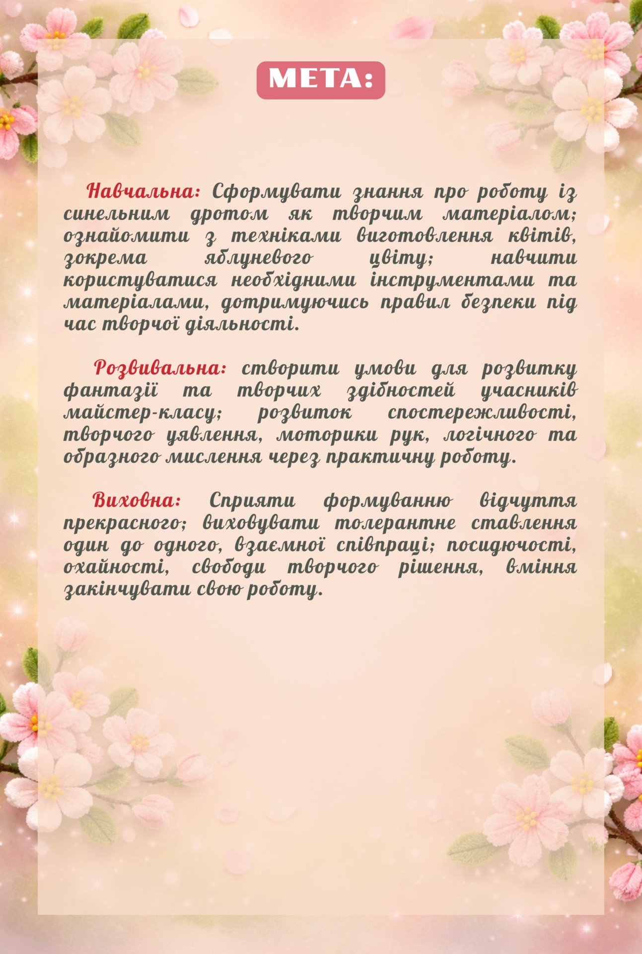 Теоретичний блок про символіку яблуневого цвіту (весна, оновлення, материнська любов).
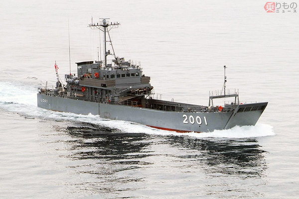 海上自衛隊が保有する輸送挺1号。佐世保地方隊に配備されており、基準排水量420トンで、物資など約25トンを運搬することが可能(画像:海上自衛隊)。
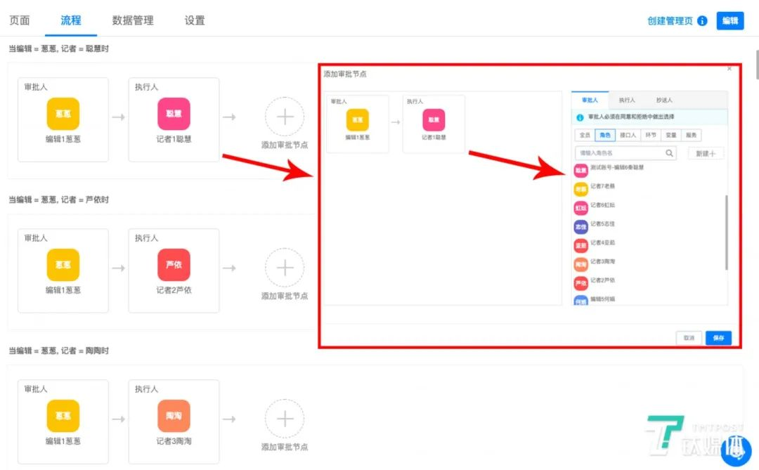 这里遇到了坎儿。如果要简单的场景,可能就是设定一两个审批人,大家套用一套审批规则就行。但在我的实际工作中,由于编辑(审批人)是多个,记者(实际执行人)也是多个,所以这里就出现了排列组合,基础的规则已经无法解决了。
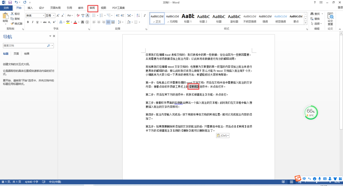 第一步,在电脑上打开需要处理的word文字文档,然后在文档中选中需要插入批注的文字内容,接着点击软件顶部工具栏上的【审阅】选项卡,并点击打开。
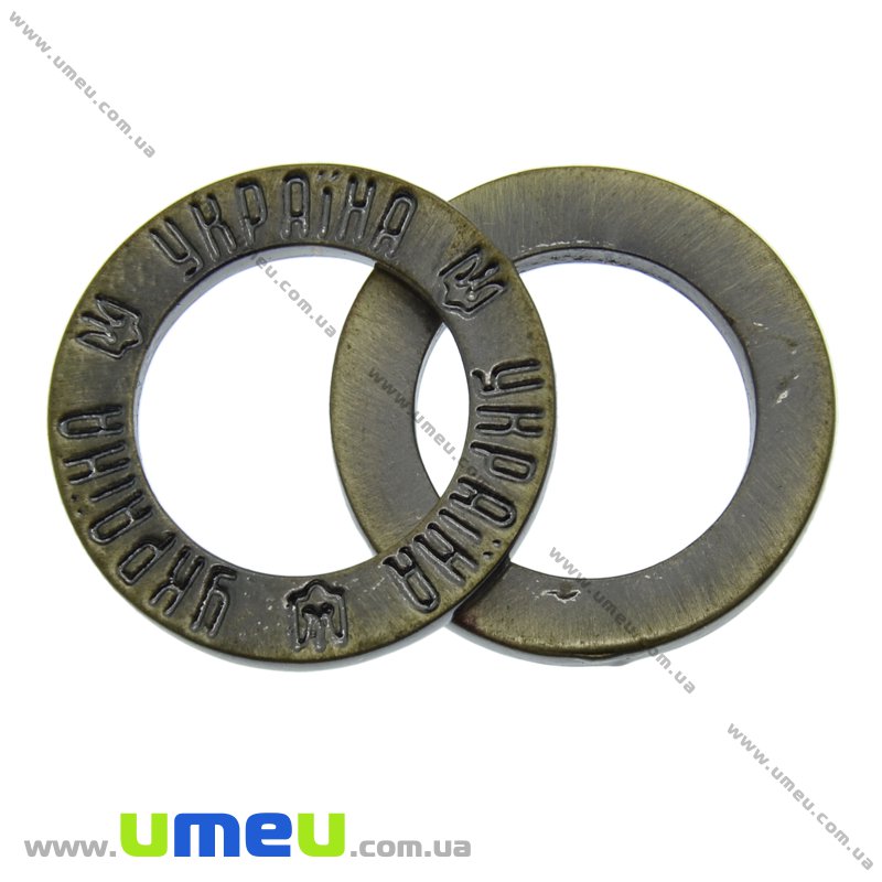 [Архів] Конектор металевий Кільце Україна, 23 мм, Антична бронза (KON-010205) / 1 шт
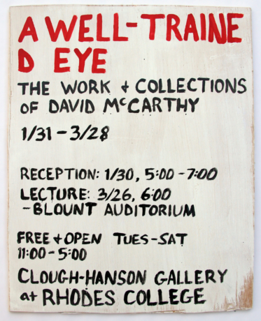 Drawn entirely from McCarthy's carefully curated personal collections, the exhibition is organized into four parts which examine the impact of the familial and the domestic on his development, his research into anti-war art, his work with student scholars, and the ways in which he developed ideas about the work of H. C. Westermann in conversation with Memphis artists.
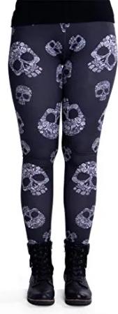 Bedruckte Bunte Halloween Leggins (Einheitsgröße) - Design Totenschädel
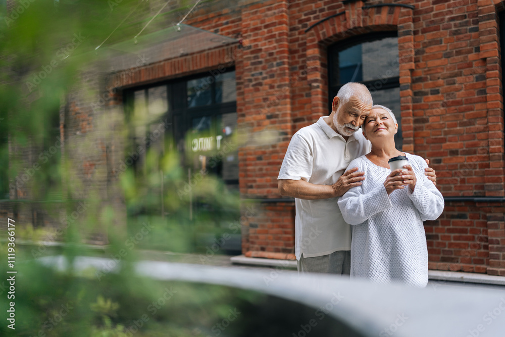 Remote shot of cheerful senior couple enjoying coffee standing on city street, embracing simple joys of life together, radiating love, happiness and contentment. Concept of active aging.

■ ■ ■ ■ ■ ■ ■

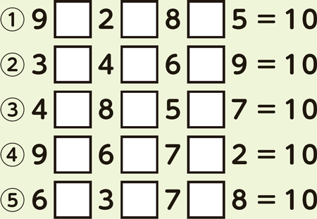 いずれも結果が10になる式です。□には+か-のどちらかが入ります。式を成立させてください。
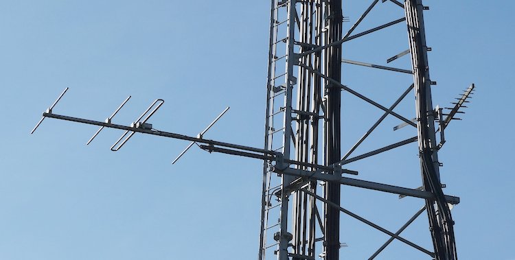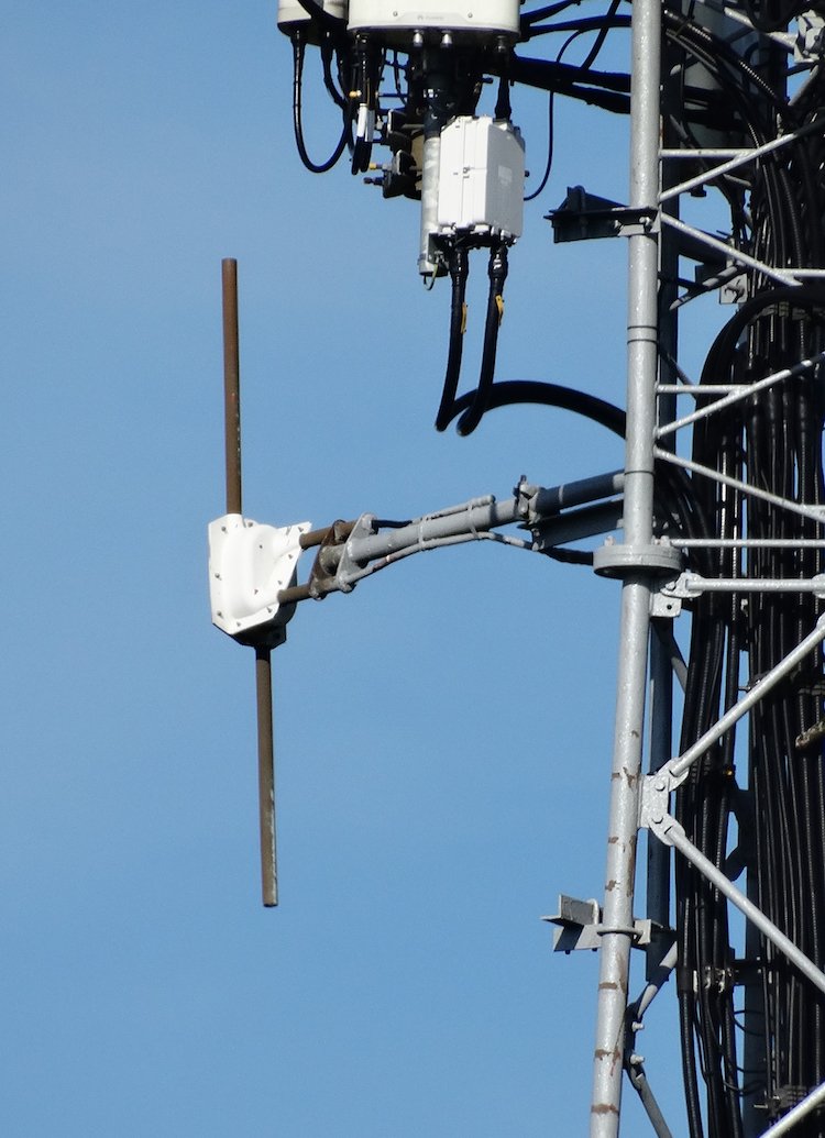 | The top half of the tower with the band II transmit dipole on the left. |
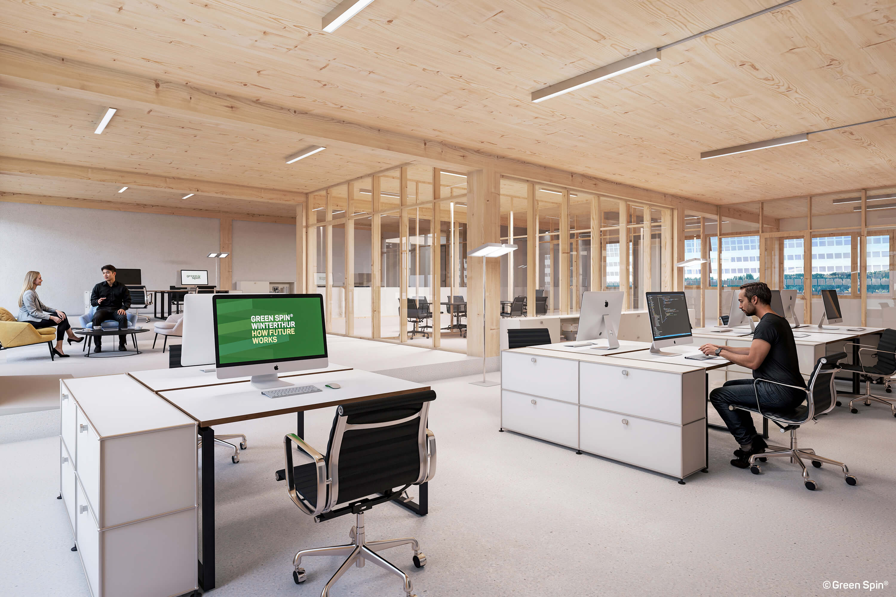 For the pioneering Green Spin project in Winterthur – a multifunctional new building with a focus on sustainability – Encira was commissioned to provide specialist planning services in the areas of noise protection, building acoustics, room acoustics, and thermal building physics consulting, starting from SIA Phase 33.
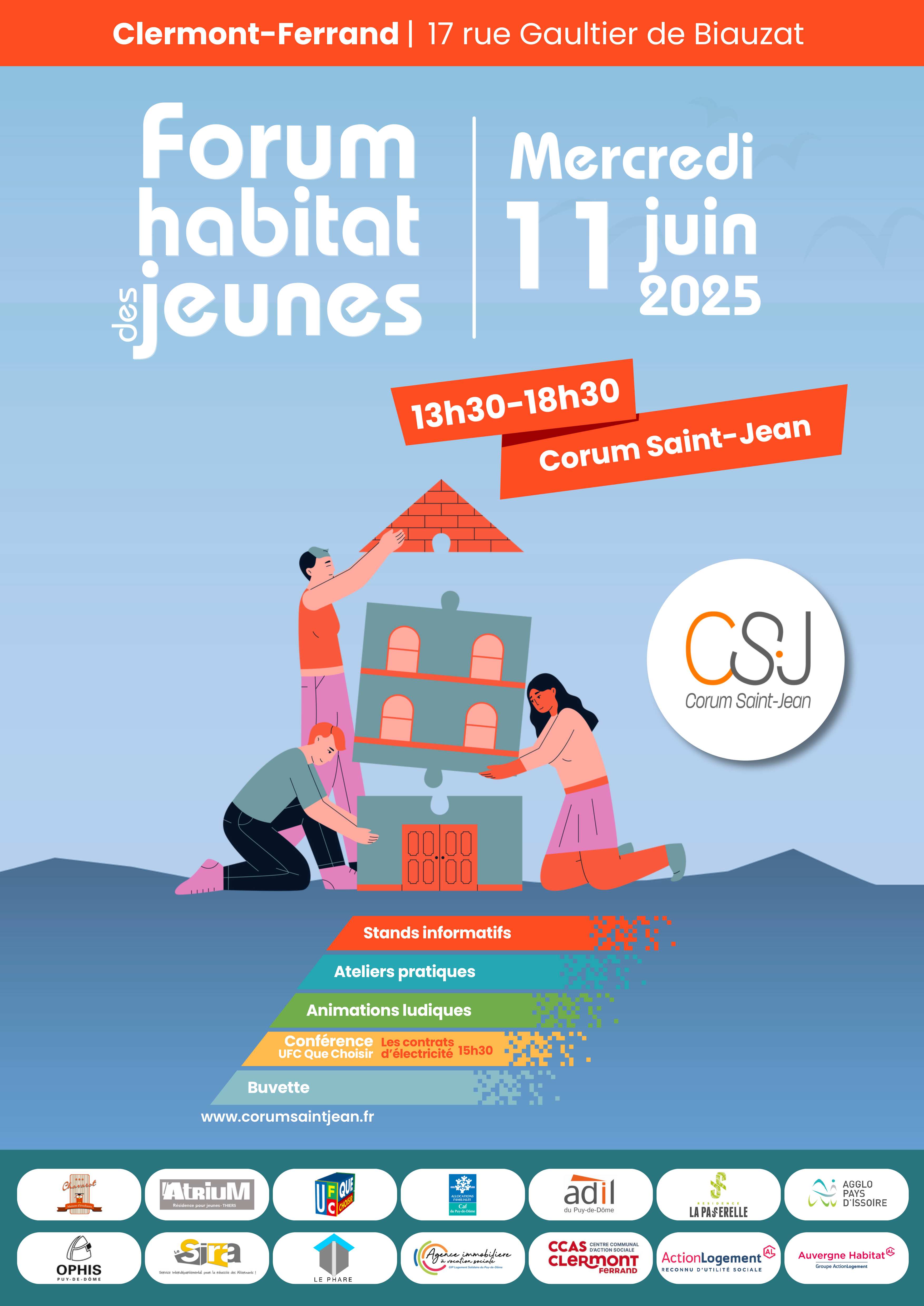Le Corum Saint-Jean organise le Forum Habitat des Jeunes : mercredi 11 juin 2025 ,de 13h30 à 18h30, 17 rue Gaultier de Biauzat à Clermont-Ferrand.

■ ■ ■ ■ ■ ■ ■

• **EXERCISE PROMPT**
In the listing above, find the line with "Drawn entirely from" and the line with "Remote shot of". Set down both and every line between them, minus the pictures.

• **EXPECTED ANSWER**
 Drawn entirely from McCarthy's carefully curated personal collections, the exhibition is organized into four parts which examine the impact of the familial and the domestic on his development, his research into anti-war art, his work with student scholars, and the ways in which he developed ideas about the work of H. C. Westermann in conversation with Memphis artists.
 Bedruckte Bunte Halloween Leggins (Einheitsgröße) - Design Totenschädel
 Remote shot of cheerful senior couple enjoying coffee standing on city street, embracing simple joys of life together, radiating love, happiness and contentment. Concept of active aging.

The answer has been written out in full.